Determine Your Foam Needs

Determine the amount of foam you'll need by measuring the object to be covered. Measure the length and width of your project using a tape measure. If you will be covering dining room chairs, for example, you'll need to quadruple or multiply your measurements by more, depending on the number of chairs you have, to ensure that adequate foam will be purchased.

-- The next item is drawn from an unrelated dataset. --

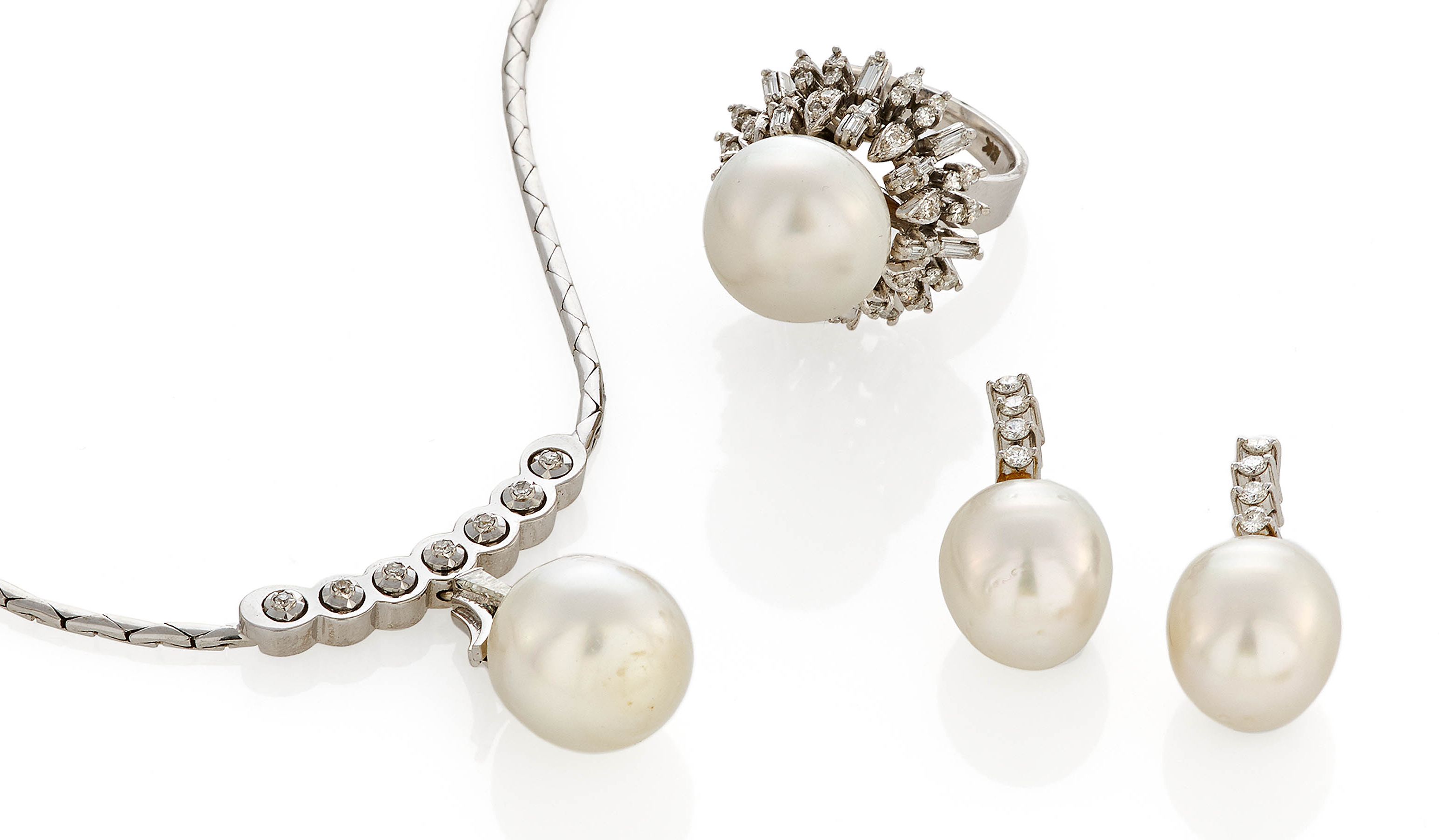 SET: PERL-COLLIER, RING UND OHRHÄNGER.

Depending on your project, you'll have to select among the various thicknesses of foam. For dining room chairs, use foam that is no more than 2 inches in depth. If covering a stylish bench, you might opt for greater foam thickness to give the bench visual personality. If covering a bed's headboard, use a foam thickness that will give you the desired finished look.

Buy Foam and Batting

At your fabric store, foam will be either on a roll or in precut sheets for the thicker foam pieces. Armed with your measurements, buy the amount of foam required for your project. While at the fabric store, also pick up batting to cover the foam insert. Batting softens the hard corners and provides additional padding for the covered surface. Ask your fabric store specialist for help, if needed.

If your project is a small one, such as covering chair seats, make a paper template to trace the size needed right on the foam with a marker. The traced lines will be covered by both the batting and fabric later. If your project is too large for a paper template, use a yardstick or tape measure to transfer your measurements to the foam.

Cutting Foam

Foam is very easy to cut; however, cutting is more difficult the thicker the foam becomes. If your foam is rather thin, you might be able to use a large scissor. If the scissor becomes unwieldy, try a single-edge razor blade. You may have to make several passes to make a complete cut through the foam.

Even better than either a scissor or razor blade is an X-acto knife. This pencil-like tool uses a special v-shaped blade and is especially for cutting projects. An X-acto knife can help you make a clean cut. You can purchase an X-acto knife at any craft store, office supply store or where art supplies are sold.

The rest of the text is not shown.